Salazar est enlevé par des irakiens d'Al-Qaeda. Ils filment son exécution. La cassette où il est égorgé passe sur Al-Jezira.

Mc Coy finit par dénoncer B. B. Rush et Reno Flake qui invoquent la légitime défense.

De retour au pays où il est fêté comme un héros, McCoy raconte l'effroyable viol auquel il a assisté.

Des photos de morts irakiens victimes de la guerre défilent à l'écran.

Redacted s'appuie sur dix sources d'images différentes : un journal en vidéo HD, un documentaire français, des images de vidéosurveillance, un journal intime en ligne sur you Tube, un entretien en webcam, une cassette d'Al-Qaeda, des reportages télévisés en direct, des images de cinéma narratives (le retour de McCoy) ou métaphoriques (empruntée à La Horde sauvage : une Amérique en scorpion au dard arrogant tué par la multitude des fourmis) et finalement des photos de cadavres de la guerre dont De Palma a dû masquer le visage.

Lecteur attentif des oeuvres de Hitchcock et surtout des home movies (Greetings, 1968, Home movies, 1980), on pouvait espérer de la part de De Palma une réflexion sur les filtres à travers lesquels nous voyons et acceptons les événements mondiaux, sur le pouvoir de l'image médiatisée et l'influence exercée par la présentation des images sur ce que nous pensons et ce que nous croyons.

Le message de De Palma n'est hélas pas à la hauteur du dispositif déployé. Il consiste en cette banalité que la pression de la guerre sur de jeunes hommes, racaille de la société américaine, à des conséquences désastreuses.

A l'inverse d'Eastwood qui dans Mémoires de nos pères déchiffrait le mensonge d'une photo en creusant les traumatismes de l'Amérique, De Palma fait exploser un minable fait divers en de multiples sources d'images.

Un faux film post-moderne...

Les images utilisées ou, plus exactement, reconstruites par De Palma ne sont pourtant pas des images plus justes. Elles ne constituent pas la garantie d'un surcroît de vérité par rapport à celles de la fiction hollywoodienne. Elles produisent au contraire l'idée d'un pastiche de la réalité, d'un faux dispositif contrôlé par un metteur en scène omniscient.

Le faux documentaire français est emphatique dans son commentaire et sa musique et esthétisant dans ses couleurs et ses plans de soleils couchants. Ce pourrait être un pastiche d'un reportage arty pour Arte ou un pastiche du documentaire des frères Naudet sur le onze septembre.

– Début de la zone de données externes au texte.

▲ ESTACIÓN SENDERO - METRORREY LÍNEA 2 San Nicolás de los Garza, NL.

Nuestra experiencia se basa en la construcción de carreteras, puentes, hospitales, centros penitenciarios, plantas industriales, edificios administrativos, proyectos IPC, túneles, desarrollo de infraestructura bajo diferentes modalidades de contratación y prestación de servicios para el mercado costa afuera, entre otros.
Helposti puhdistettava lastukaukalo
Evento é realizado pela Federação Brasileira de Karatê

Enfin pour un reportage, filmé de l'extérieur comment expliqué le plan subjectif vu depuis la voiture où la femme enceinte va être tuée?

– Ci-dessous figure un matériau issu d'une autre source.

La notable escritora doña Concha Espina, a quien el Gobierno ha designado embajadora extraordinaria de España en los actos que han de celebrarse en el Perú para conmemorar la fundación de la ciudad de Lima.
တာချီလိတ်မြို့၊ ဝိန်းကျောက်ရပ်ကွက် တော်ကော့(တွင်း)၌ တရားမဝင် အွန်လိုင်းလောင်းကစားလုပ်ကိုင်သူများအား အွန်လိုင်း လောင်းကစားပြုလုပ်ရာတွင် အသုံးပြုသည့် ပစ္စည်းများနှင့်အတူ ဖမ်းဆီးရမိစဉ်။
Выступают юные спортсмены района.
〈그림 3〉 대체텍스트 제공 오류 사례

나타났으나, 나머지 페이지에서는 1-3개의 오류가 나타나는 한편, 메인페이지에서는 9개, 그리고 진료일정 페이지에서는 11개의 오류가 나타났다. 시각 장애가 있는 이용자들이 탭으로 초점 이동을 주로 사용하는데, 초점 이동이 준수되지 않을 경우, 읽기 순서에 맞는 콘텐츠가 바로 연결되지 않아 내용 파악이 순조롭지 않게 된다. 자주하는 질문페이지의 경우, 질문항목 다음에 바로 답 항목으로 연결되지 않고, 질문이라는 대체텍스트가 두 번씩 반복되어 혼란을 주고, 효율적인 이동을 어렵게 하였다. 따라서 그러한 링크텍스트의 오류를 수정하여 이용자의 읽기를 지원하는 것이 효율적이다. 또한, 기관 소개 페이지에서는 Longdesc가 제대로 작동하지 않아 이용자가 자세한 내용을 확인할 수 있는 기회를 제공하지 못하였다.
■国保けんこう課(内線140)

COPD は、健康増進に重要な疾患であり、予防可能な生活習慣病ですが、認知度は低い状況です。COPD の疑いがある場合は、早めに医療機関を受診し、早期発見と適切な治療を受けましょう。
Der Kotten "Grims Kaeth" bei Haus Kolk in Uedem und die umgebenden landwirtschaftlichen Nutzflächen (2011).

Le son des caméras de vidéosurveillance est d'excellente qualité et non pas déformé et souvent à peine audible comme il devrait l'être. L'effet de réel que l'on pourrait attendre d'une source supposée neutre et plate est également détruit par le fait que la caméra est calée sur les bonnes informations données au bon moment sur la préparation du viol et plus tard sur l'intimidation de B. B. Rush envers Mc Coy.

Les faux reportages télévisés ignorent la règle du contre-champ interdit. On voit mal dans un vrai reportage télévisé, la caméra s'attarder sur le visage de la reporter après la déclaration désespérée et rageuse du père après le massacre de sa famille.

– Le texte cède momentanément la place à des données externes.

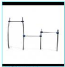
4. Duikstijl Trio Pioneer SOL,030,226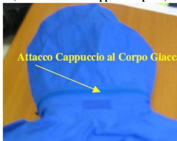
Fig. 3 (Parte Posteriore Cappuccio Aperto)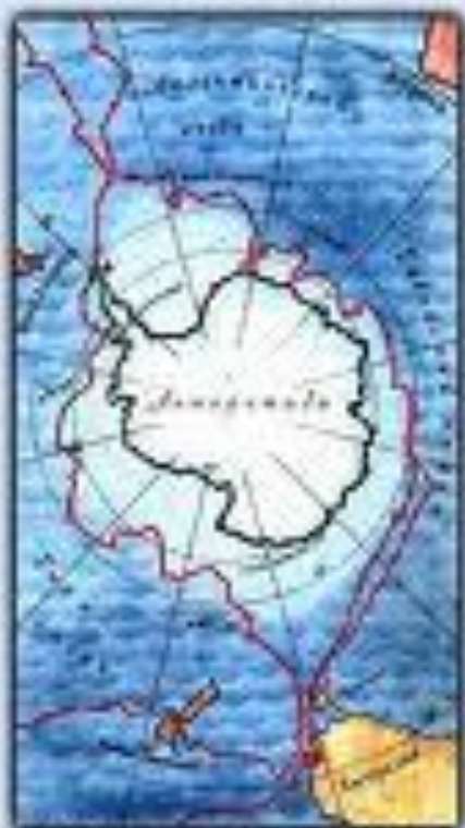
Русская экспедиция в Антарктику в 1819-1821 гг.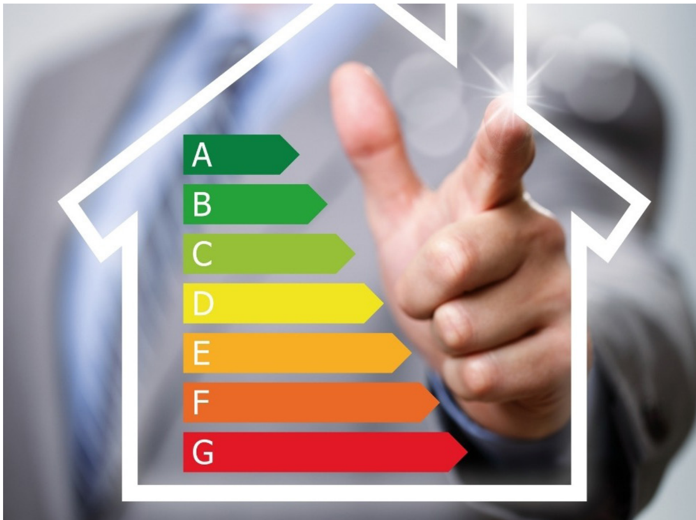
La recomendación principal para ahorrar luz es desconectar los electrodomésticos si no se están utilizando.

■ Pese a que estén apagados, ciertos electrométricos continúan consumiendo energía.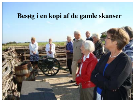
Besøg i en kopi af de gamle skanser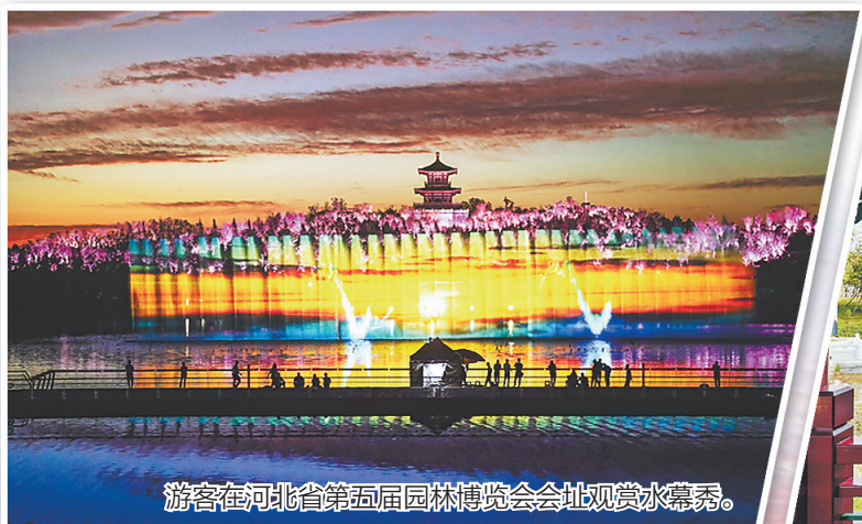
游客在河北省第五届园林博览会会址观赏水幕秀。

在“拆、清”取得阶段性成果的基础上,开平迅速以“治、用”全面推进唐山花海生态修复和转型发展,高标准打造唐山“城市后花园”。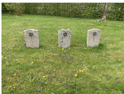
Neumarkt-St. Veit, KZ-Friedhof und Gedenkstätte (Aufnahme 2023).

...Pour un vrai désespoir moderne.

Il semble donc que De Palma n'ai pas voulu jouer la carte d'un surcroît de réalité dû au recyclage des nouvelles images. Sans soute a t-il voulu subvertir encore davantage le sous genre du film d'atrocité de guerre qu'il avait déjà abordé avec Outrages, réalisé il y a presque vingt ans. Dans ce film, le gentil soldat Eriksson s'opposait au méchant sergent Tony Meserve responsable du viol et du meurtre d'une jeune vietnamienne. Meserve, interprété par Sean Penn, et la hiérarchie étaient de réels adversaires pour Eriksson. Certes il n'y avait pas de réconciliation entre la brute protectrice et l'intellectuel sentimental comme on avait pu en voir tant dans le film de guerre classique mais, du moins, l'opposition était solide.

Ce que décrit aujourd'hui de Palma c'est un monde qui communique sans savoir bien discerner le vrai du faux. Les soldats se pastichent eux-mêmes en se filmant ou en interprétant un curieux happening après la mort de Salazar. B. B. Rush et Reno Flake, déguisés avec des têtes de canards rendent hommage à leur copain. Soudain Flake raconte une scène de son enfance avec son frère qui n'a rien à faire ici. Ce sera le seul moment de vérité capté par le film.